In $△ A B C$ , given $B C = 7$ cm, $∠ B = 45^{\circ}$ . and difference of two sides $A B$ and $A C$ is equal to $1$ cm.
Case $I : A B > A C$
Step $1 :$ Draw the base $B C = 7$ cm.
Step $2 :$ Make $∠ X B C = 45^{\circ}$ .
Step $3 :$ Mark a point $D$ on ray $B X$ such that $B D = 1$ cm.
Step $4 :$ Join $D C$ .
Step $5 :$ Draw perpendicular bisector of $D C$ such that, it intersects ray $B X$ at a point $A$ .
Step $6 :$ Join $A C$ .
Thus, $A B C$ is the required triangle.

Case $I I : A B < A C$
Step $1 :$ Draw the base $B C = 7$ cm.
Step $2 :$ Make $∠ X B C = 45^{\circ}$ . and extend ray $B X$ in the opposite direction.

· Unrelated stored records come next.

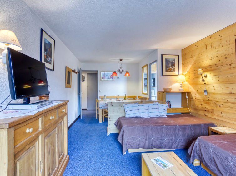 "Chanteneige 505", 2-room apartment 45 m2 on 5th floor. Spacious, very comfortable and beautiful furnishings: large living/dining room with 1 bed (90 cm, length 190 cm), 1 pull-out bed (2 pers. 2 x 90 cm, length 190 cm), TV (flat screen), DVD. 1 room with 2 beds (90 cm, length 190 cm).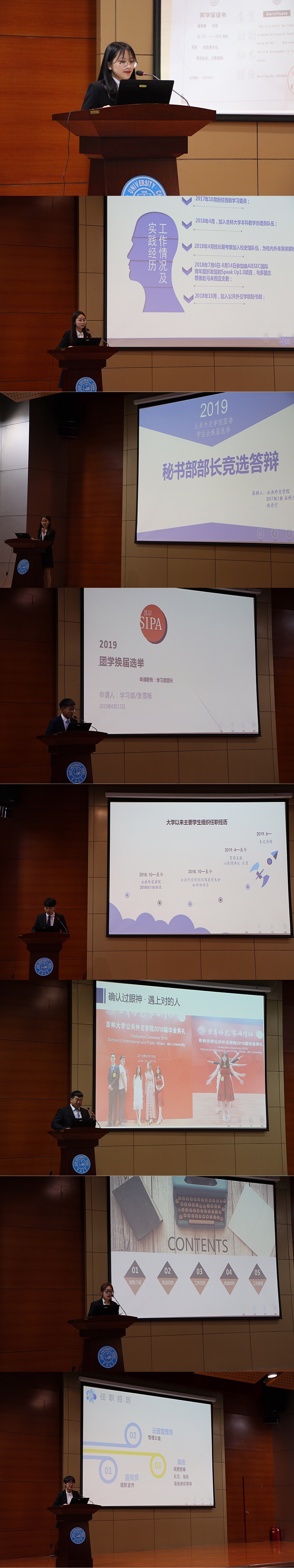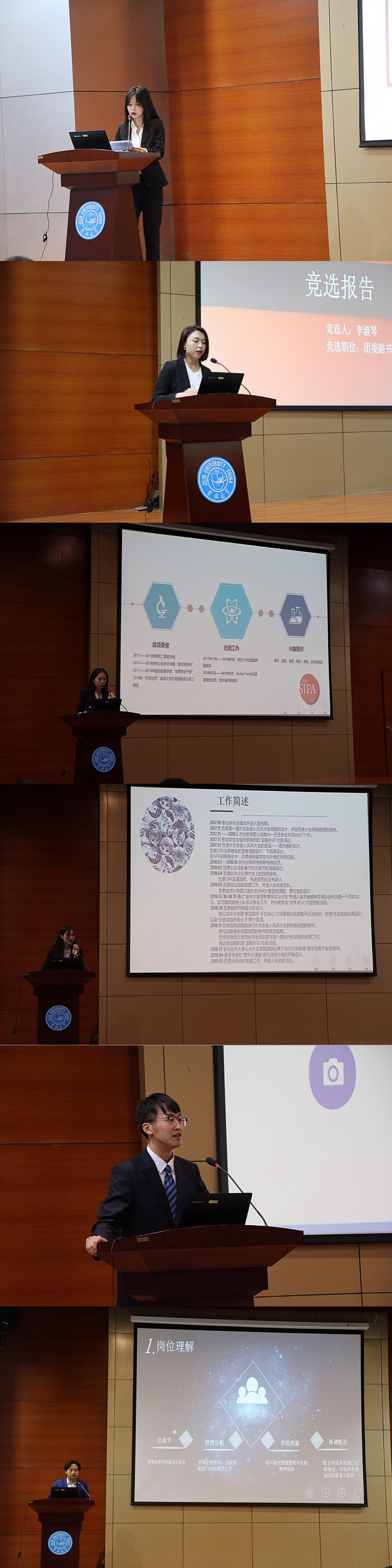 随后14名参选同学依次上场发表竞选演讲,通过个人任职经历、所获奖项荣誉、工作展望等内容,展现了个人的能力,彰显了当代大学生勇于进取的品质,字里行间流露出对团委学生会工作的热爱,热情饱满信心十足的现场展示也赢得了老师与同学的肯定。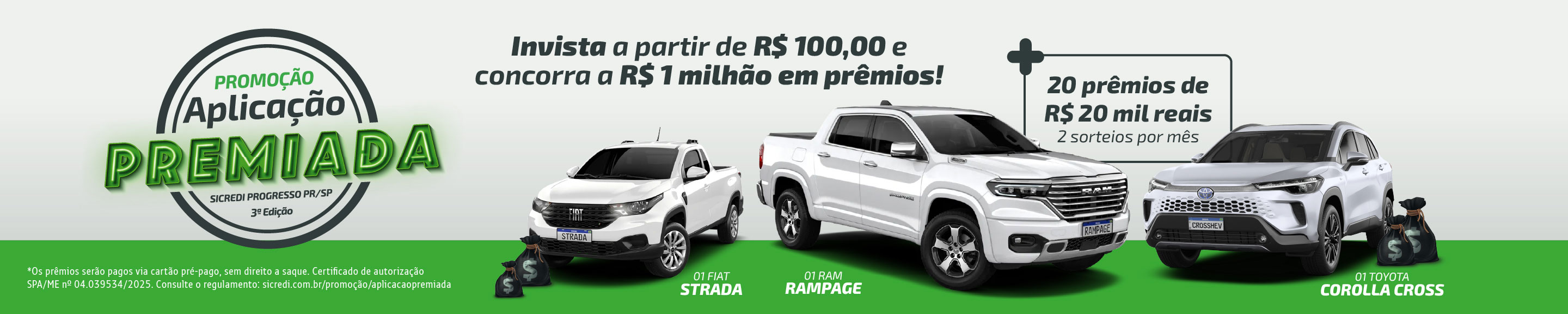 CERTIFICADO DE AUTORIZAÇÃO SEAE nº 04.039534/2025. Fundos de investimento não contam com a garantia do administrador do fundo, do gestor da carteira, de qualquer mecanismo de seguro ou, ainda, do Fundo Garantidor de Crédito - FGC. A rentabilidade obtida no passado não representa garantia de rentabilidade futura. É recomendada a leitura cuidadosa do prospecto e do regulamento do fundo de investimento pelo investidor ao aplicar os seus recursos. Seguros e Previdência Privada Intermediados por Corretora de Seguros Sicredi Ltda., CNPJ 04.026.752/0001-82, registro SUSEP n° 10.0412376. Os planos em PGBL e VGBL são administrados pelo Banco Cooperativo Sicredi S.A., CNPJ 01.181.521/0001-55. Produtos de Crédito: a disponibilidade está condicionada à análise de crédito do associado. Contate o atendimento no seu app para maiores informações. Promoção válida durante o período de 03/02/2025 a 30/11/2025, para os associados da cooperativa Sicredi Progresso PR/SP, conforme o certificado de autorização SPA/ME nº 04.039534/2025. Consulte o regulamento completo da promoção e condições de contratação nas unidades de atendimento participantes e no site sicredi.com.br/promocoes. Imagens meramente ilustrativas. SAC - 0800 724 7220 / Deficientes Auditivos ou de Fala - 0800 724 0525. Ouvidoria - 0800 646 2519.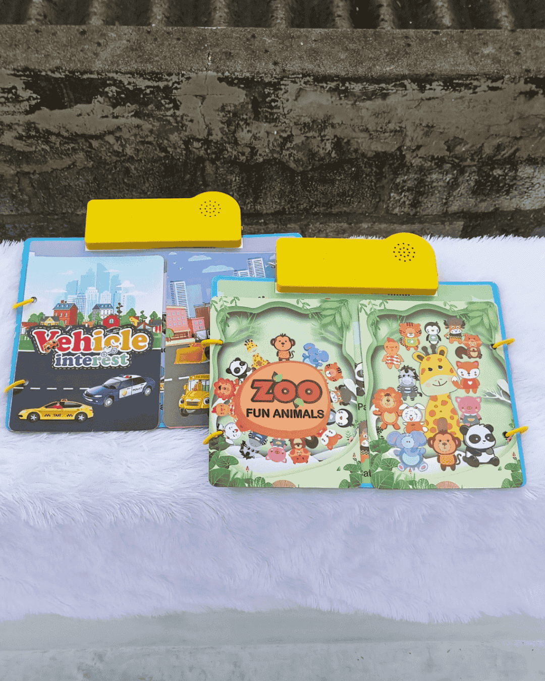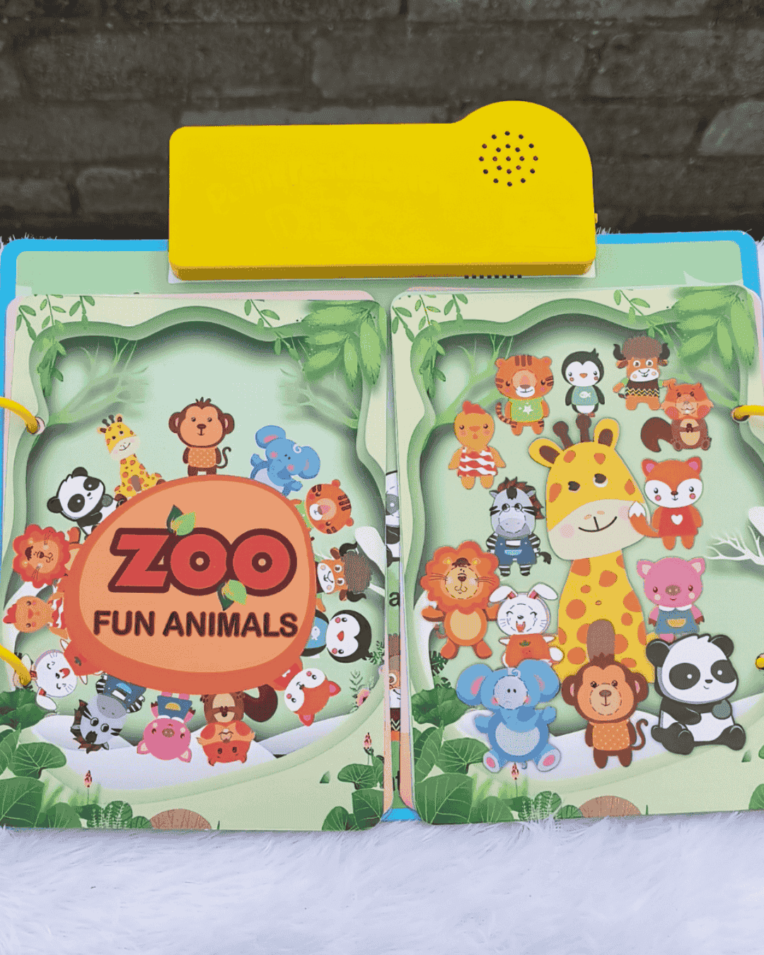 - In the box – 1 X Interactive children book, Use 3 AAA batteries(not include), turn on the switch and click on the corresponding animal to emit animal calls and standard pronunciation words.Animal head sticker can be attached to corresponding animals using velcro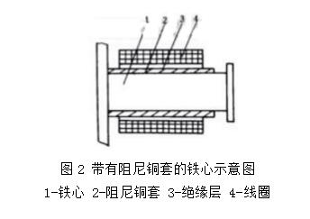 而当继电器断电时,磁通变化量大,铜套阻尼作用也大,使衔铁延时释放而起到延时作用。因此,这种继电器仅用作断电延时。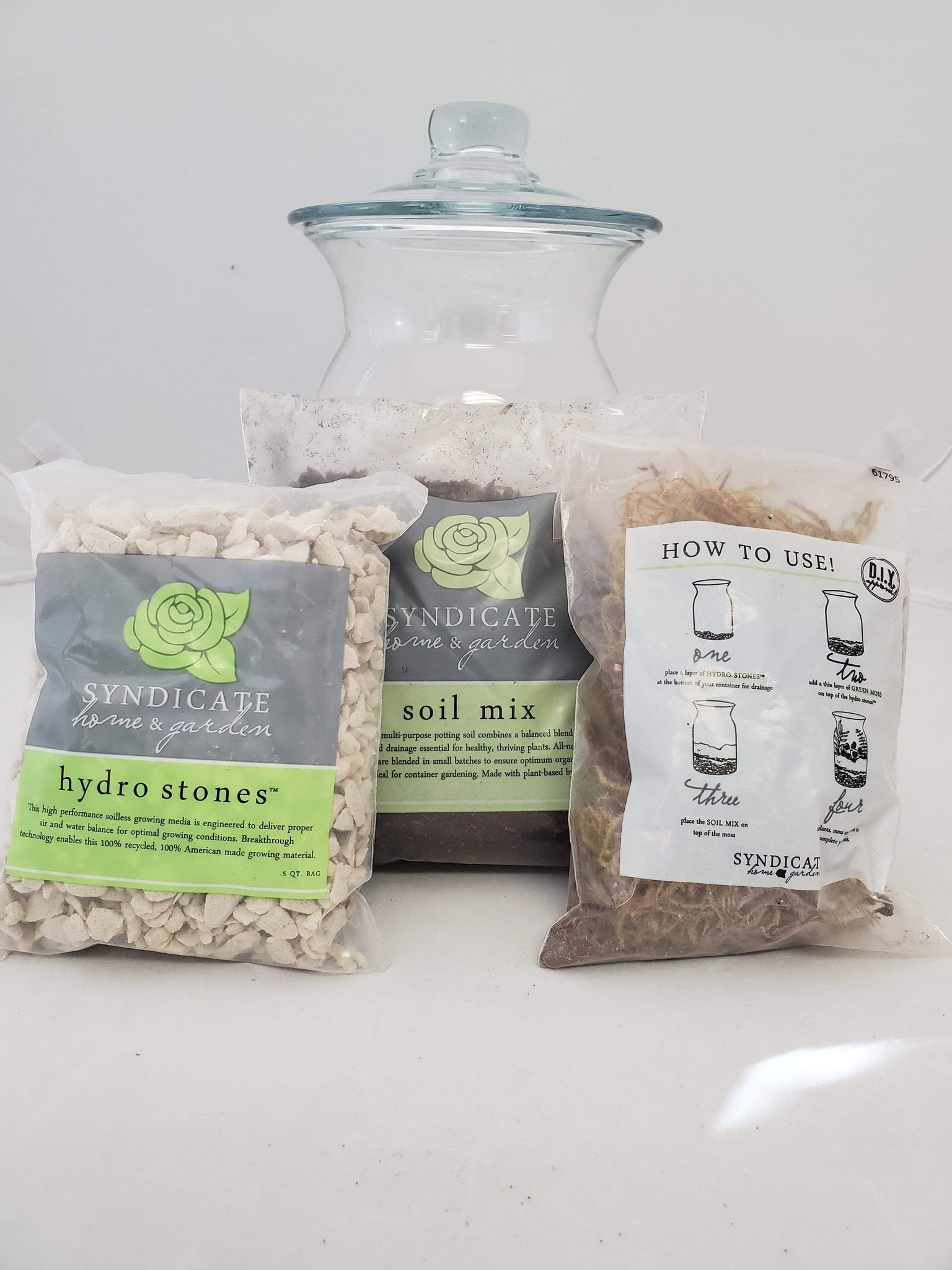 This boxed kit includes an 8" glass vessel and lid, bag of soil mix, bag of moss, and a bag of hydrostones.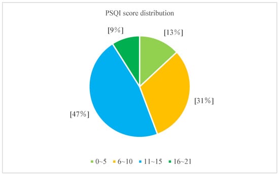 The Pittsburgh Sleep Quality Assessment Scale was used with the residents to assess the quality of the respondents’ sleep over the past month. As shown in Figure 10, 47% of the respondents considered their sleep quality in the past month to be average, 31% considered their sleep quality to be fair, 13% considered their sleep quality to be good, and 9% considered their sleep quality to be poor.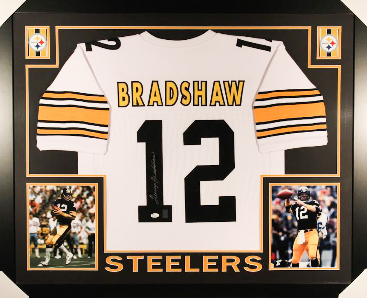 Custom framed display measures 35" x 43" in size. Features a jersey which has been hand-signed in silver paint pen by Terry Bradshaw (HOF).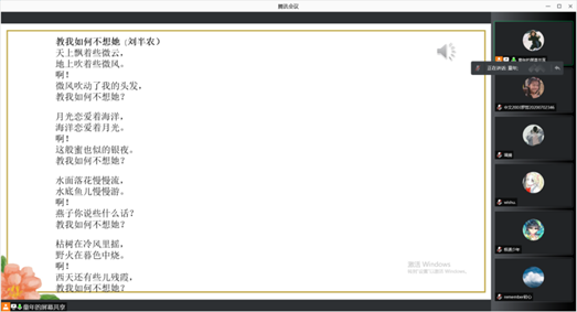 本课题主要涉及经典诗歌的欣赏及诵读。教学组成员们为同学们讲解了古诗《满江红》以及现代诗《教我如何不想她》,并引导学生们有感情地进行朗诵,目的是提高同学们的朗诵能力,加深同学们对中国诗歌文化的认识。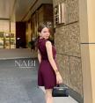 จั้มสั้นสีแดงไวน์ ดีไซน์คอวีทรงปล่อย แต่งกระเป๋าช่วงอกและเย็บจีบช่วงขา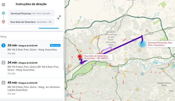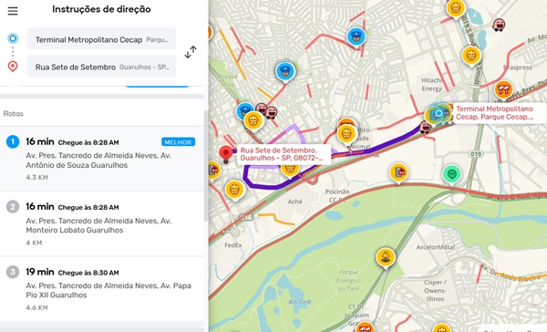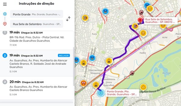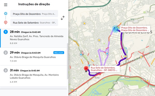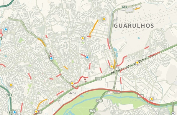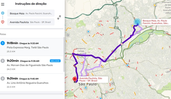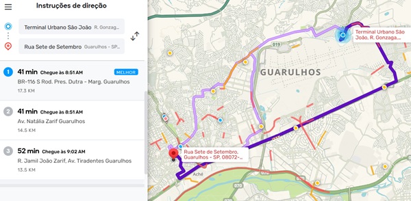 Confira as condições de trânsito em algumas rotas em Guarulhos, segundo o APP Waze, nesta terça-feira, dia 2 de setembro.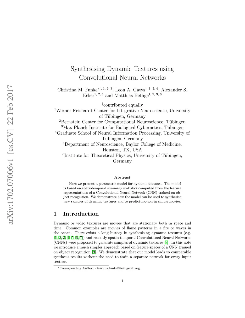 Synthesising Dynamic Textures using Convolutional Neural Networks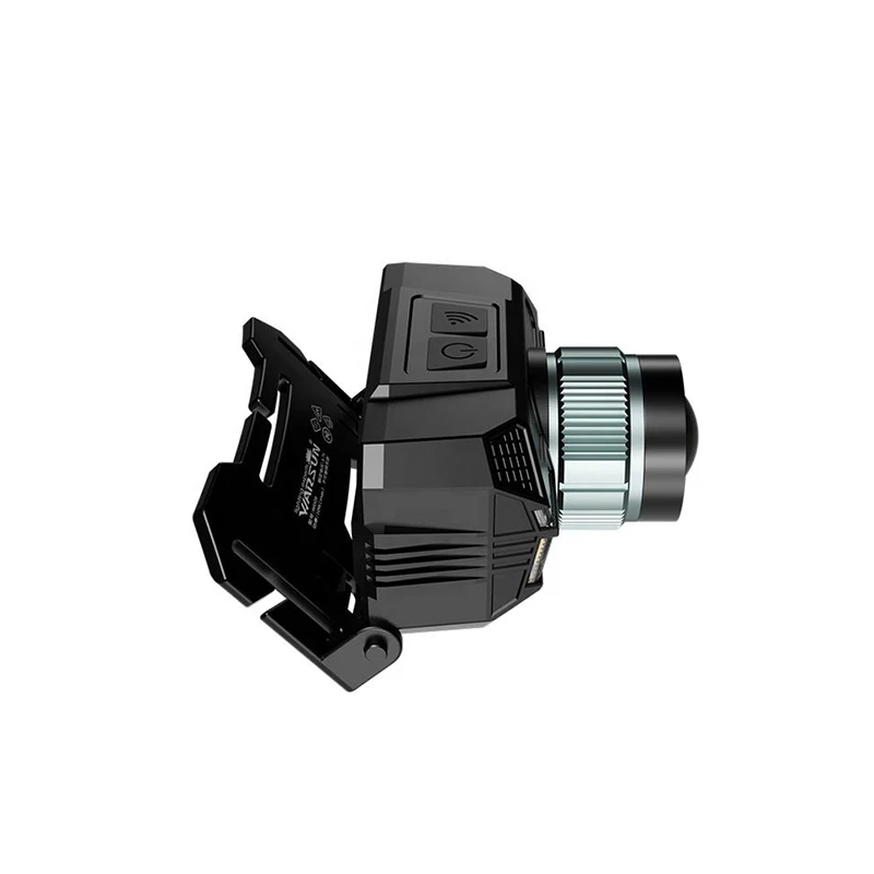 Lanterna frontal ajustável com potente luz LED, zoom, modo vermelho, carregamento USB C e resistência IP45 para trabalho, campismo e desporto. Descrição completa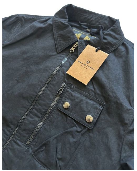 100% GENUINE BELSTAFF GEAR FROM LONDON (NOT FAKE). Belstaff Rail Overshirt - BLACK, Cotton blend gabardine, Lightweight point collar overshirt, Crinkly texture, Matte rubber poppers and hardware, Two-way front zip closure, Zipped and buttoned flap pockets at chest.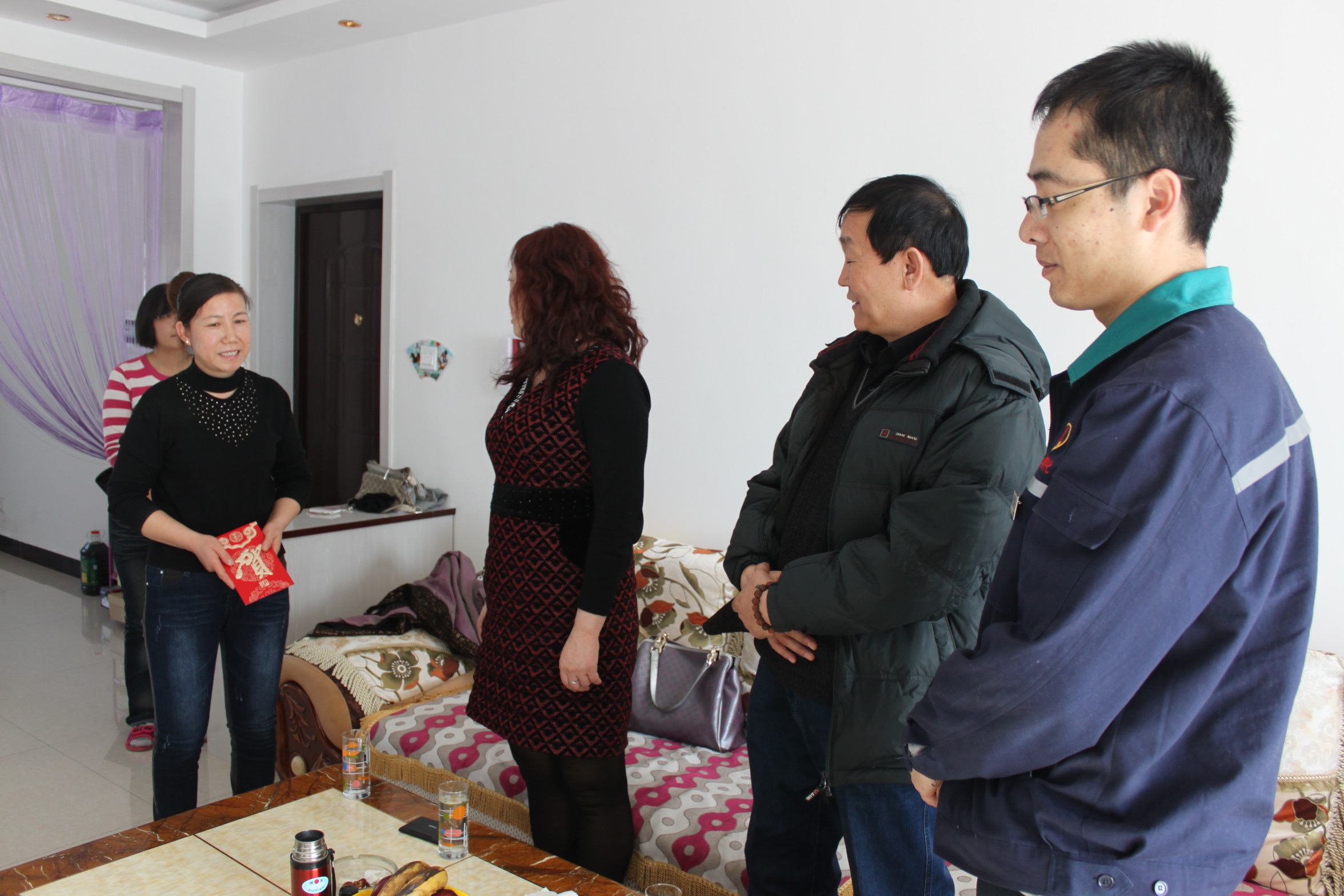 春节来临之际,乌斯太焦化公司领导班子十分牵挂公司生活困难的职工。1月24日,焦化公司行政副总许丽芬、工会主席刘永刚一行代表焦化公司总经理贾昂杨,带着企业的温暖和实物亲切看望了张小红、徐东达、吴刚等三户特困职工家庭。

Step $3 :$ Mark a point $D$ on the extended ray $B X$ such that $B D = 1$ cm.
Step $4 :$ Join $D C$ .
Step $5 :$ Draw a perpendicular bisector of DC such that, it intersects ray $B X$ at point $A$ .
Step $6 :$ Join $A C$ .
Thus, $A B C$ is the required triangle.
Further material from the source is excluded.